Im Training konnten Sie das ­Vertrauen in Ihren Körper nicht gewinnen?
Der Wettkampf ist einfach der letzte Tropfen, den es noch braucht. Im Training bist du in deiner ge­wohnten Umgebung, nicht voller Anspannung. Du kennst alles. Im Wettkampf bist du in einer anderen Halle, es gibt andere Geräte.

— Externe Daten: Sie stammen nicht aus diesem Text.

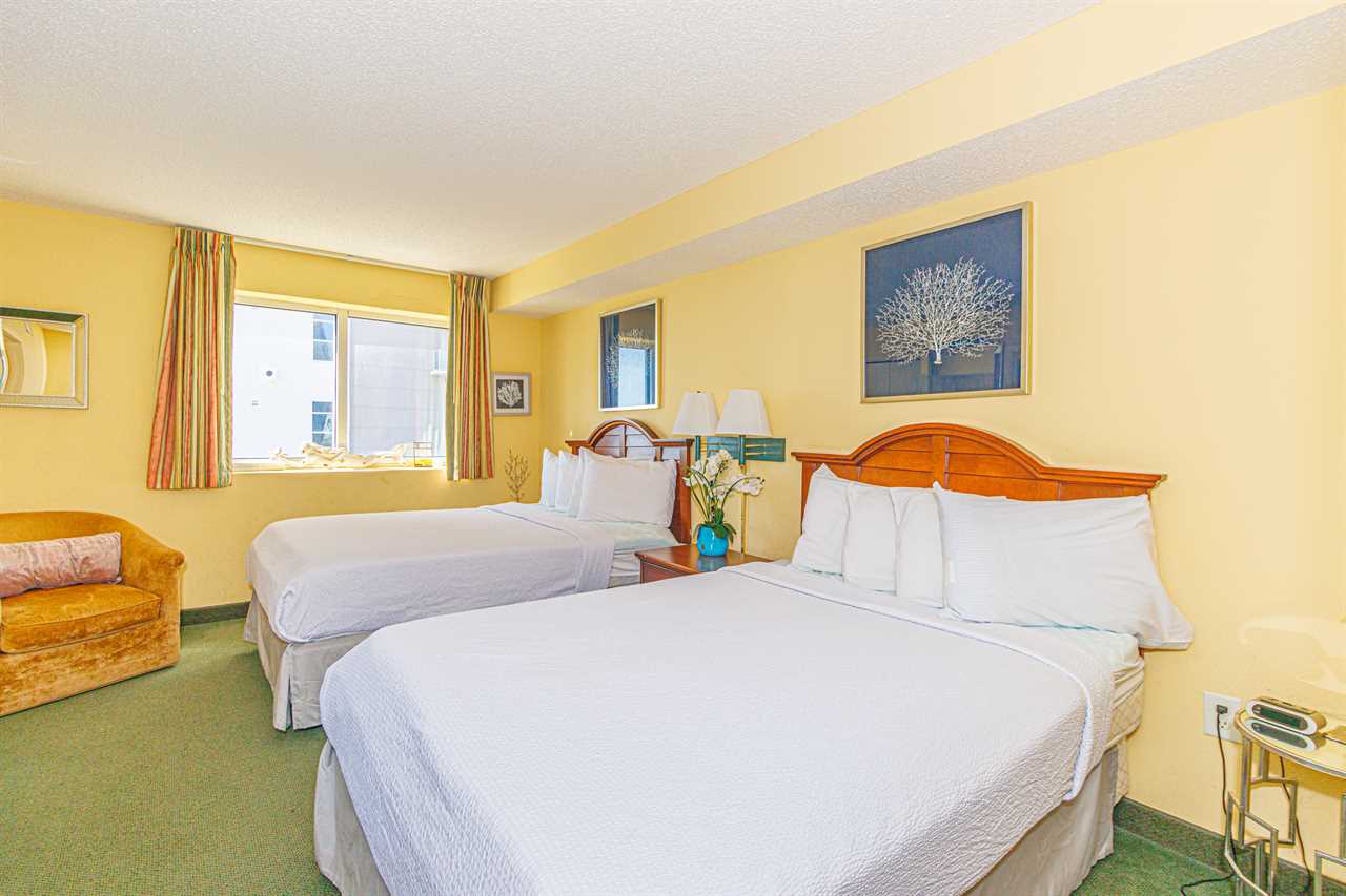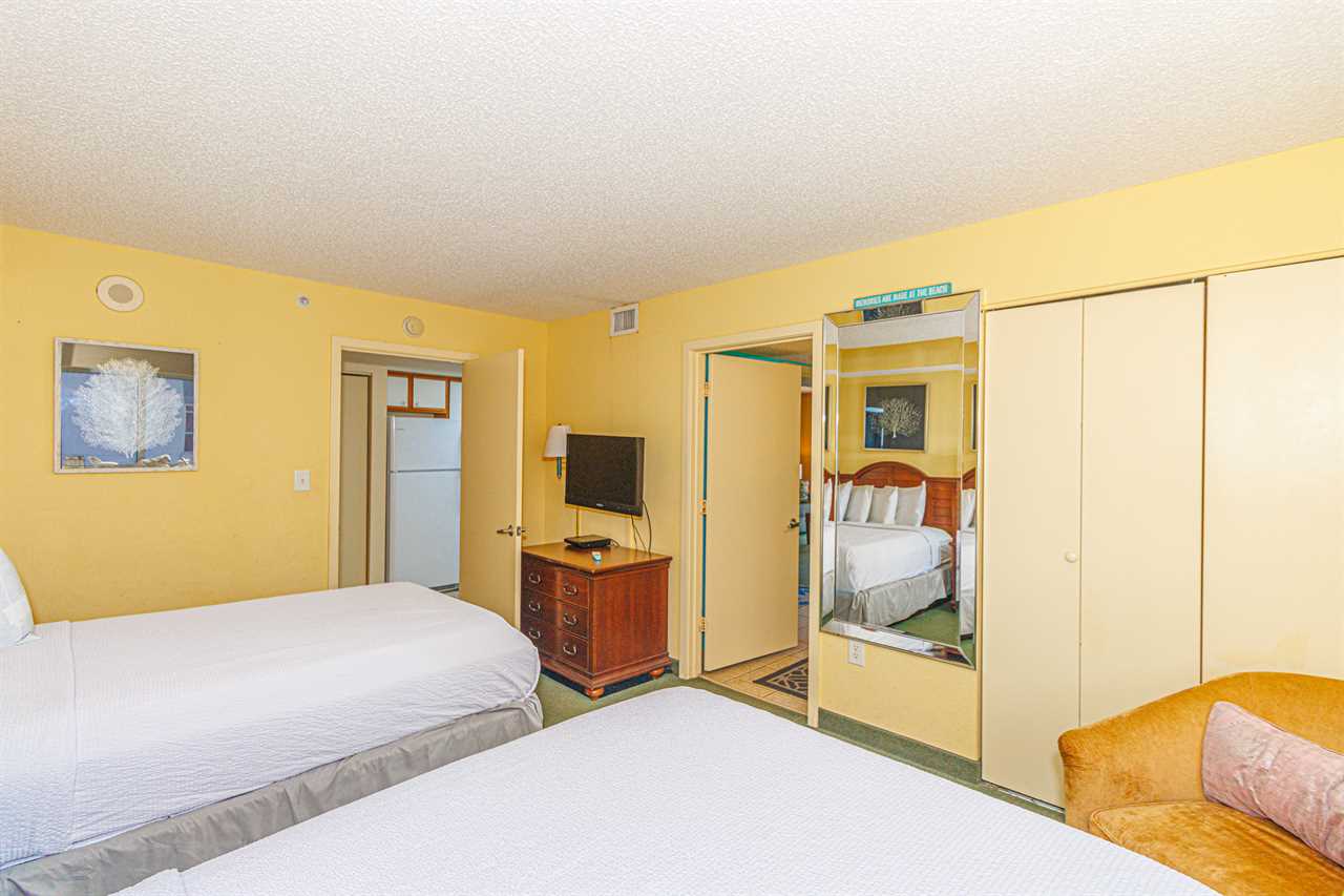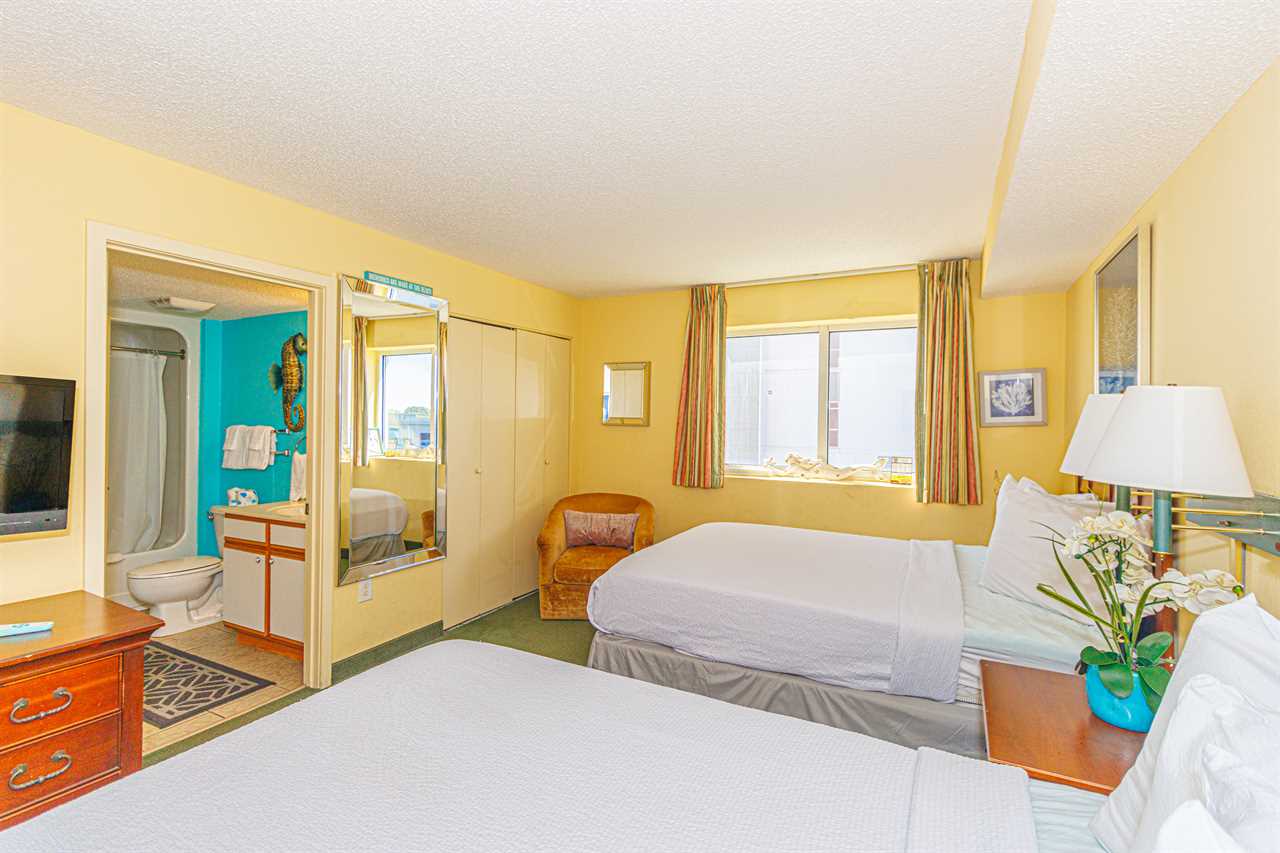 Guests will enter the condo into a hallway. The guest bedroom is located to the left as you walk into the unit. This bedroom features 2 full size beds, a night stand, TV, window for natural light, and access to the ensuite bathroom. The bathroom features a tub/shower combo, vanity, sink, mirror, toilet, and a hair dyer.
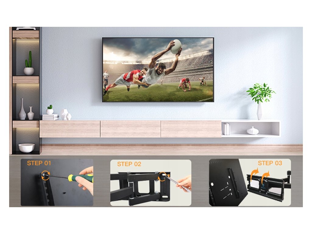 Tento držák je vhodný pro ploché i prohnuté televizory a podporuje standard VESA až do 400x400 mm. Je vyroben z kvalitní oceli a hliníku a byl testován na čtyřnásobek doporučené hmotnosti. Umožňuje naklonění v rozmezí +5° až -12°, otáčení v rozsahu +/- 45° a nastavení úrovně +/-3° pro maximální flexibilitu. Jeho dvě ramena se zasunou na vzdálenost pouhých 8 cm od stěny a lze je vysunout až do 41 cm. Instalace je snadná a v balení najdete veškeré potřebné vybavení.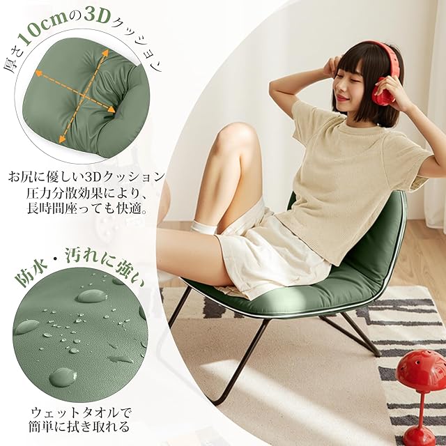 商品名:MAZOT 折りたたみ式 座椅子 椅子 2 種類の座り方コンパクト 組立なし 片手で持てる 軽量 収納便利 高・低2段調節 ソファーのような快適さ 革製 汚れに強く 耐久性あり 可愛い オシャレ モダン シンプル リビング アウトドア キャンプ グリーン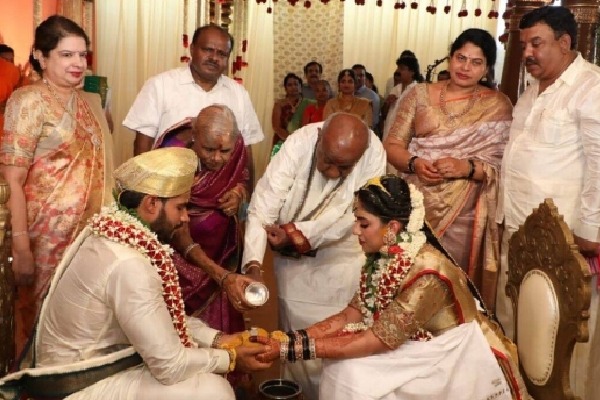నిఖిల్ వివాహం మాజీ మంత్రి, కాంగ్రెస్ నేత కృష్ణప్ప మనవరాలు రేవతితో కేతగనహళ్లి ఫార్మ్ హౌస్ లో జరిగింది. ఈ వేడుకకు మాజీ ప్రధాని దేవెగౌడ బంధువర్గం నుంచి 60 మంది, పెళ్లికూతురు తరఫు బంధువులు మరో 30 మంది వరకు విచ్చేశారు. అంతేకాదు, ఇరు కుటుంబాల సన్నిహితులు కూడా హాజరయ్యారు.

Dazu kommt das Adrenalin, oder?
Genau. Am Sprung beispielsweise brauche ich das Adrenalin, ich wandle es in Energie um.

Ihr Ziel für die WM in Stuttgart?
Priorität hat das Team, damit wir in die Top 12 kommen. Das wäre wichtig für die Olympia-Quali. Ich selbst würde es gerne in den Mehrkampffinal schaffen und dann die Top 20 knacken. Bei den Geräten schauen wir noch – alles zu seiner Zeit.

Und dann sehen wir Sie in Tokio 2020.
Hoffentlich, ja!

Dann wären Sie 26 Jahre alt. Würde Sie Olympia 2024 noch reizen?
Das ist noch weit weg, ich nehme Schritt für Schritt. Turnen wird immer meine Leidenschaft bleiben, das ist sicher. Und die Heim-EM 2021 habe ich auf jeden Fall bereits im Kopf!